**TASK**: In the entries below, the lines from the one with "Neware_BTS9_Standard_Report service, whose" through the one with "通过展示合成路线和化学结构的" are to be copied exactly; both ends count.

(Beginning of EXERCISE INPUT)

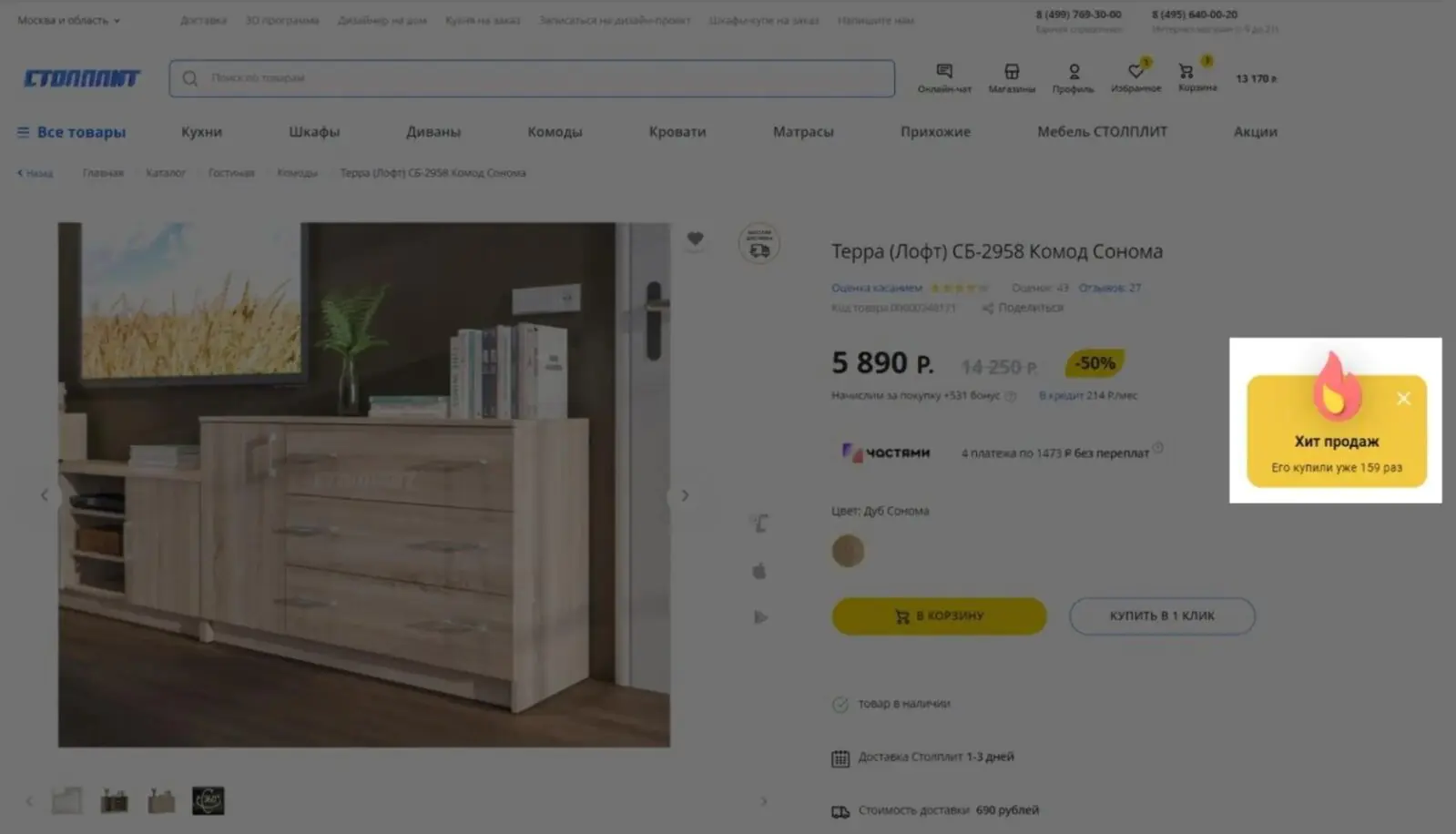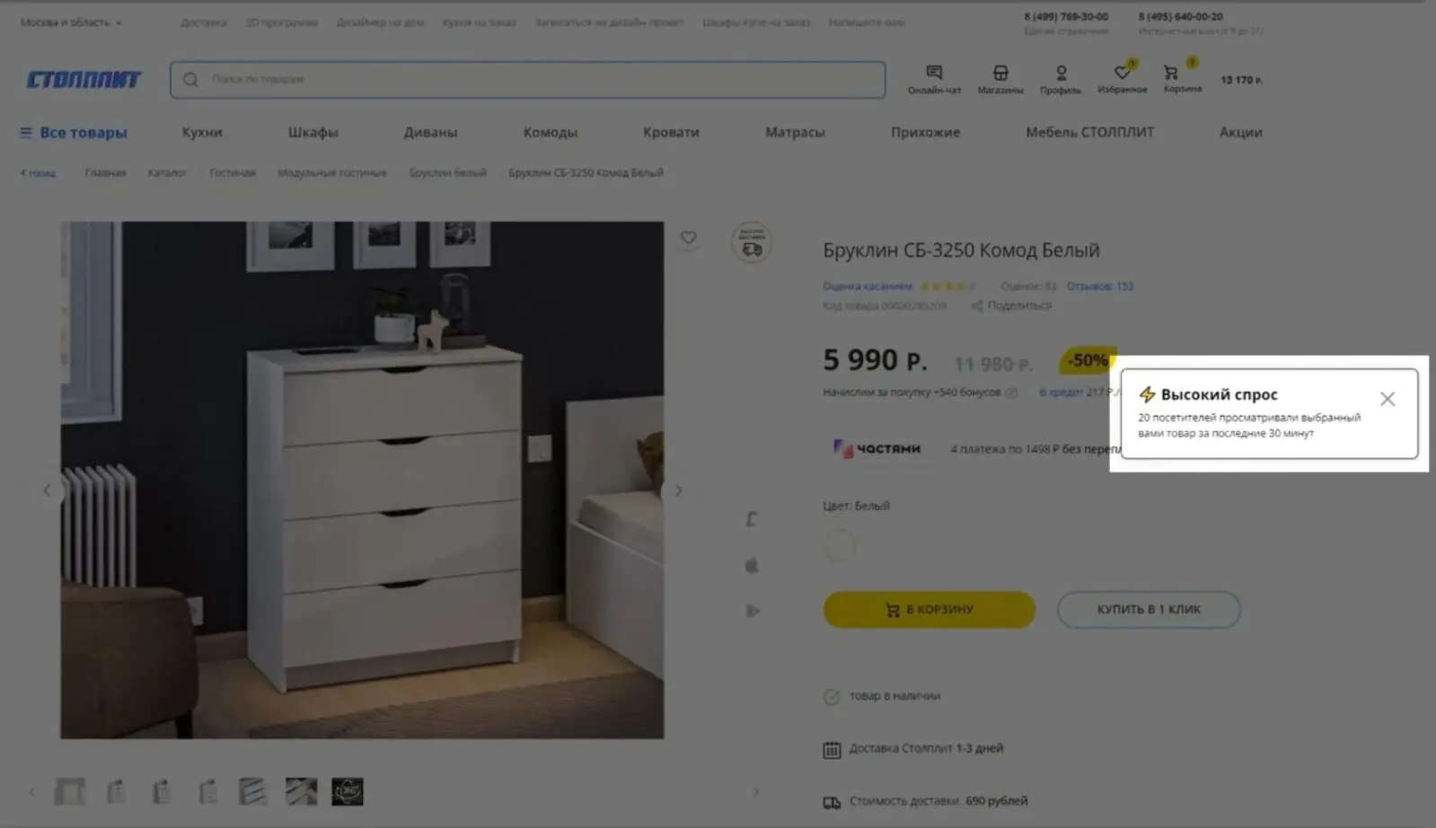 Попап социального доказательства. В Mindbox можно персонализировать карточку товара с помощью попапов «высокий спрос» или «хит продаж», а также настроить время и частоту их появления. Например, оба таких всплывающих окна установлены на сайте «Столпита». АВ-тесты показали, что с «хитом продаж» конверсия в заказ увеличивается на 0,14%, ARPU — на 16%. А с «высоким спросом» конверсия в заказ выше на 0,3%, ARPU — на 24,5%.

(End of EXERCISE INPUT)
(Beginning of EXERCISE INPUT)

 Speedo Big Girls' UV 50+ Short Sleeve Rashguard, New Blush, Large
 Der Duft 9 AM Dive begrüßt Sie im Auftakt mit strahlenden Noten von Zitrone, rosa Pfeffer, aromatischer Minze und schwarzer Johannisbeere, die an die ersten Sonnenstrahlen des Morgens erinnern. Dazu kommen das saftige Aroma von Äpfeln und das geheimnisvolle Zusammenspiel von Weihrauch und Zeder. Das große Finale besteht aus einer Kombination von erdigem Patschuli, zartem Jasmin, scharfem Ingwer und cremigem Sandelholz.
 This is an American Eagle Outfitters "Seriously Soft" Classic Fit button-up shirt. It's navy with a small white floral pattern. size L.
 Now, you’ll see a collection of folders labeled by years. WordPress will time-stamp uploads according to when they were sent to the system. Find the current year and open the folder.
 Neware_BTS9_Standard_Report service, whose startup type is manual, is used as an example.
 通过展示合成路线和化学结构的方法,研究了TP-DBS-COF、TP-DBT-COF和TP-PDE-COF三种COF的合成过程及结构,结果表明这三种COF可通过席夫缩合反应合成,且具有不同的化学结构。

(End of EXERCISE INPUT)
(Beginning of EXERCISE INPUT)

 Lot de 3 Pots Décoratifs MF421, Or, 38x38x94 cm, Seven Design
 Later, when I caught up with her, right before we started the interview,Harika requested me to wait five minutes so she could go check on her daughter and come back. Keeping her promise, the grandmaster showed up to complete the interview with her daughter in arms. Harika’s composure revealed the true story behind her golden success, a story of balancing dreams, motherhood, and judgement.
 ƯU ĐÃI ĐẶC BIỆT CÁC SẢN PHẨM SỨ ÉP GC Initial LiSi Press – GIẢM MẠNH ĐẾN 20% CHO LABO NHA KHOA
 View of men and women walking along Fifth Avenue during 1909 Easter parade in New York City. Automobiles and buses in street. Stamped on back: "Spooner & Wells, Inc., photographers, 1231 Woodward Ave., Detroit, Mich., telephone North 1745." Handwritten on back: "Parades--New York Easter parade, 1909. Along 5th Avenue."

(End of EXERCISE INPUT)

**THE ANSWER**:
 Neware_BTS9_Standard_Report service, whose startup type is manual, is used as an example.
 通过展示合成路线和化学结构的方法,研究了TP-DBS-COF、TP-DBT-COF和TP-PDE-COF三种COF的合成过程及结构,结果表明这三种COF可通过席夫缩合反应合成,且具有不同的化学结构。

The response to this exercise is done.